Discourse on Wisdom (Ban Imastutian) is regarded as Hovhannes Imastaser's principal philosophical poem. Written as a dialogue between the author and a blackbird, it combines poetic expression with reflections on knowledge, nature, human understanding, and divine wisdom. Modern scholarship has interpreted the work as illustrating the interaction of classical philosophical traditions with Christian theology within medieval Armenian intellectual culture. According to Stephen Peter Cowe, the poem exemplifies the creative synthesis that characterized the intellectual revival associated with eleventh- and twelfth-century Armenia, while also demonstrating Hovhannes' effort to reconcile rational inquiry with religious thought.

== Works ==
While Hovhannes Imastaser was recognized as a master of Armenian literature, his works acquired wider publicity only in the 19th century when they were published by Abbot Ghevont Alishan, a member of the Mekhitarist Congregation in Venice. Imastaser's innovative approach to literature, for which he is often referred to as a key representative of the medieval Armenian literary renaissance, is fully demonstrated in his poem Ban Imastutian (Discourse on wisdom). In the poem, written as a dialogue between the author and a blackbird, the bird symbolizes nature, which, per the author, is the main inspiration behind art. In Imastaser's time, artistic inspiration was usually attributed to divine reasons.
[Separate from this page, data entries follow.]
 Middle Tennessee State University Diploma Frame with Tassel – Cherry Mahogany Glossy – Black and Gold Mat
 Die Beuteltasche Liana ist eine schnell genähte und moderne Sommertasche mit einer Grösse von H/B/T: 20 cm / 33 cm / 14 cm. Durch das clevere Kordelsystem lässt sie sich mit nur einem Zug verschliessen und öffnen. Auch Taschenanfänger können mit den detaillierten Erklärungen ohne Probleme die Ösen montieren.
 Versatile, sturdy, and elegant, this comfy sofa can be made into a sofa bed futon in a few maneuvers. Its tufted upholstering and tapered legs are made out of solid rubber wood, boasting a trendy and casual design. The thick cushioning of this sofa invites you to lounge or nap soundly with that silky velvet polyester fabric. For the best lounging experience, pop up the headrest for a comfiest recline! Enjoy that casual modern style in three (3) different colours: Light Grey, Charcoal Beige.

As a hymnologist, Imastaser wrote several important sharakans (hymns): Tagh Harutean (Ode to the Resurrection), Paytsaratsan Aysor (They brightened on this day), Anskizbn Bann Astvatz (God, the infinite word), Anchareli Bann Astavatz (God, the inexpressible word). The latter two are acrostic compositions, each encompassing within their ten stanzas thirty-six letters of the Armenian Alphabet. In them, Imastaser glorifies heroes and martyrs who sacrificed their lives defending Armenian homeland and their Christian faith. Imastaser also introduced another patriotic theme to Armenian literature and music: emigration. In his hymns Imastaser prays to God so that Armenians who left their country could find strength to return home.

Hovhannes Imastaser also contributed to the standardization of the Armenian prayer book and Psalter.
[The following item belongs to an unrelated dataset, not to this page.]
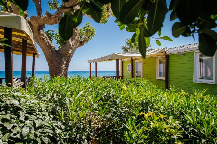 Positive Gästebewertung Nach Wechsel des Bungalows in die 2. Reihe aufgrund Unreinheiten des eigentlich zugewiesenen Bungalows hatten wir von der Terasse einen schönen Blick aufs Meer (140€ Aufpreis)

Hovhannes Imastaser's work in mathematics is represented by the volume Haghaks Ankiunavor Tvots (Concerning Polygonal Numbers). This work indicates a profound knowledge of all important ancient and medieval mathematicians, including Pythagoras, Euclid and Aristotle. Hovhannes Imastaser translated into Armenian the works of the following classical scholars: Philo of Alexandria, Dionysius the Areopagite, Gregory of Nyssa, Porphyry, and, as mentioned, Aristotle and Euclid.
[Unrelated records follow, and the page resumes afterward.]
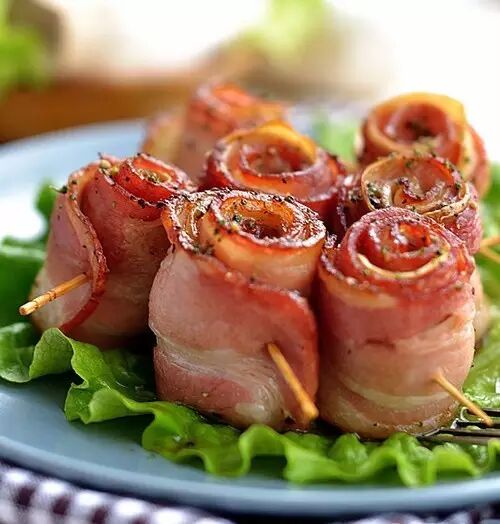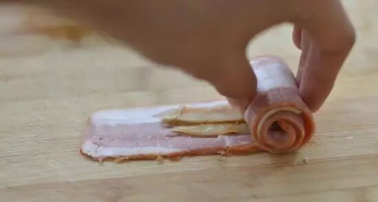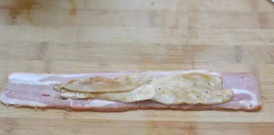 5.培根平铺,放上腌好的杏鲍菇片,不要铺太满,不然容易漏出来
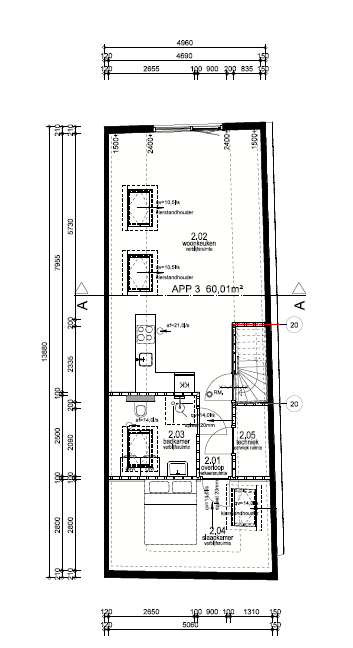 Het appartement is gelegen op de tweede etage van het pand en is ca 60 m2 groot. In het pand bevinden zich meerdere nieuwbouw appartementen die dit jaar in de verhuur zijn gekomen.
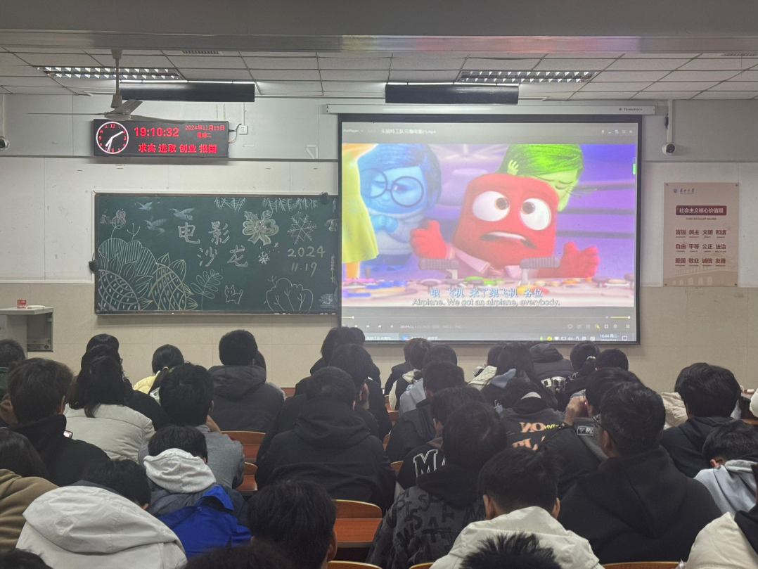 (通讯员海宝之)2024年11月19日19:00,200多名新生齐聚东校区12教204,观摩第88届奥斯卡金像奖获得最佳动画电影《头脑特工队》,学工办特邀长江大学学生教育金碧 硕士研究生、学生心理健康教育中心兼职咨询师胡双双做专业解读。

In 1084, Hovhannes Imastaser became involved in the project of developing so-called Minor Armenian Calendar, which included all 365 days plus one additional day. Eventually, his work on calendars led to the invention of a perpetual or eternal calendar.

Hovhannes Imastaser recognized the importance of the empirical method in science. 150 years before Roger Bacon, he noted: "Without experimentation, no opinion can be considered probable and acceptable; only experiment produces confirmation and certainty."